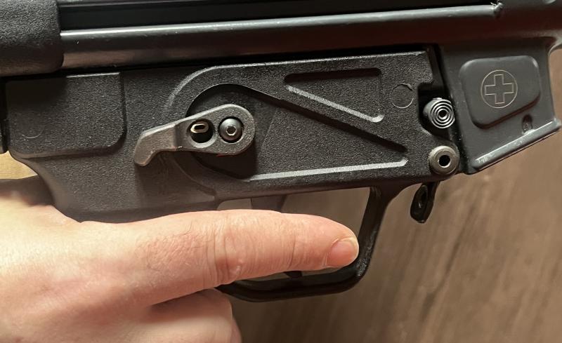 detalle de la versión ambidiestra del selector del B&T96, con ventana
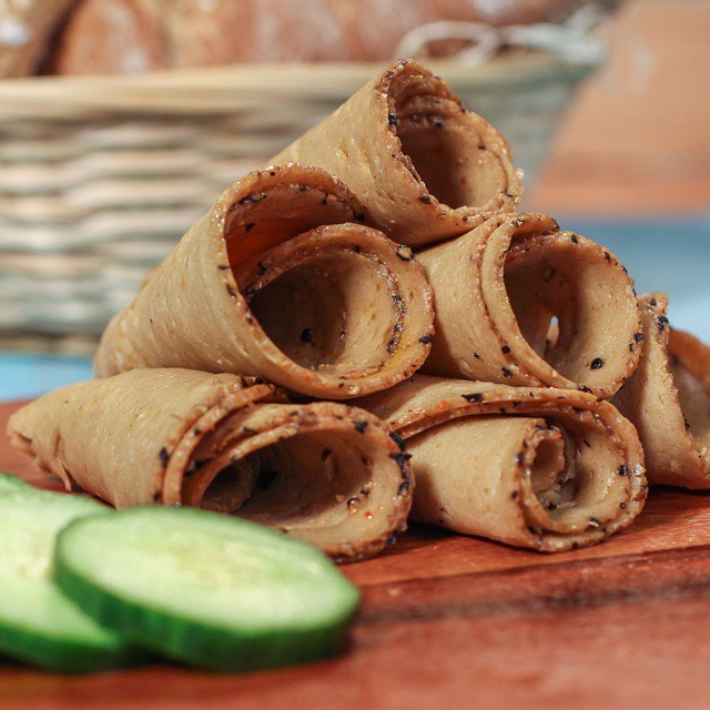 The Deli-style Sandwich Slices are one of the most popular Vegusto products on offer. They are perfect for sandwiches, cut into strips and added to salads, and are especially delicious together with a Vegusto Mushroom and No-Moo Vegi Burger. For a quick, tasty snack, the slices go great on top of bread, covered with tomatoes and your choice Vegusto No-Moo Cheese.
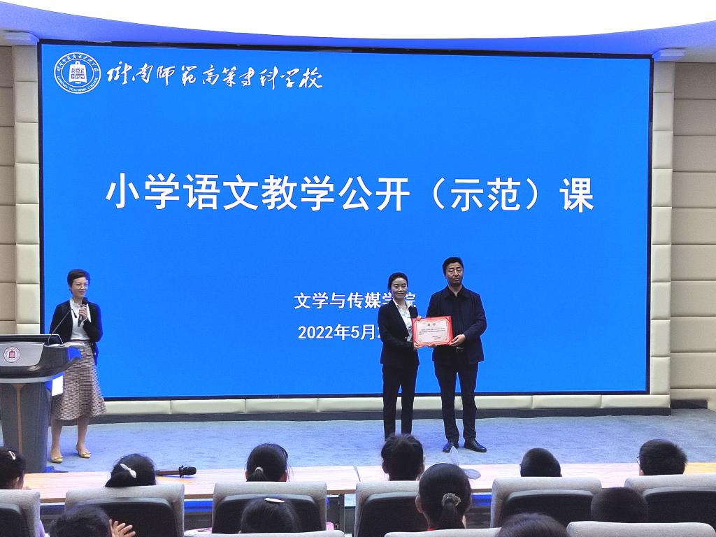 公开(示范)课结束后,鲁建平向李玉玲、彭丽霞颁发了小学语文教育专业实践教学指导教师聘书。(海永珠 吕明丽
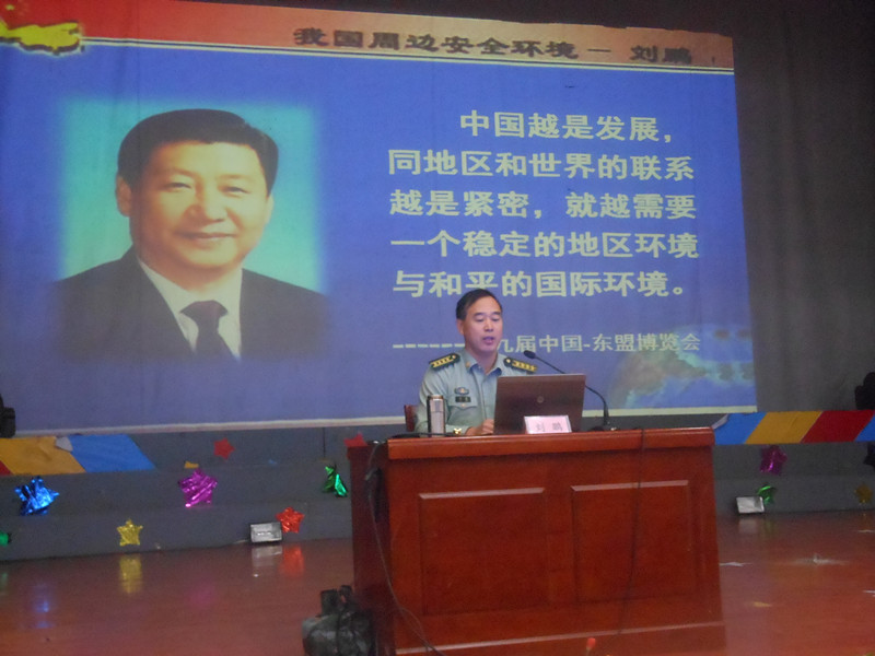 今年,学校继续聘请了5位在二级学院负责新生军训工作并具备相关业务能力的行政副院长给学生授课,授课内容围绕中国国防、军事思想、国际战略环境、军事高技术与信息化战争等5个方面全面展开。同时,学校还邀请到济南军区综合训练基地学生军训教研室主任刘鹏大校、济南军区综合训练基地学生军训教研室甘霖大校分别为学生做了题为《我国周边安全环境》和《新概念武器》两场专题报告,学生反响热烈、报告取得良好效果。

> **TASK**:
A verbatim retyping of the listing, without any pictures, is the expected answer.

> **RESPONSE AREA**:
 detalle de la versión ambidiestra del selector del B&T96, con ventana
 The Deli-style Sandwich Slices are one of the most popular Vegusto products on offer. They are perfect for sandwiches, cut into strips and added to salads, and are especially delicious together with a Vegusto Mushroom and No-Moo Vegi Burger. For a quick, tasty snack, the slices go great on top of bread, covered with tomatoes and your choice Vegusto No-Moo Cheese.
 公开(示范)课结束后,鲁建平向李玉玲、彭丽霞颁发了小学语文教育专业实践教学指导教师聘书。(海永珠 吕明丽
 今年,学校继续聘请了5位在二级学院负责新生军训工作并具备相关业务能力的行政副院长给学生授课,授课内容围绕中国国防、军事思想、国际战略环境、军事高技术与信息化战争等5个方面全面展开。同时,学校还邀请到济南军区综合训练基地学生军训教研室主任刘鹏大校、济南军区综合训练基地学生军训教研室甘霖大校分别为学生做了题为《我国周边安全环境》和《新概念武器》两场专题报告,学生反响热烈、报告取得良好效果。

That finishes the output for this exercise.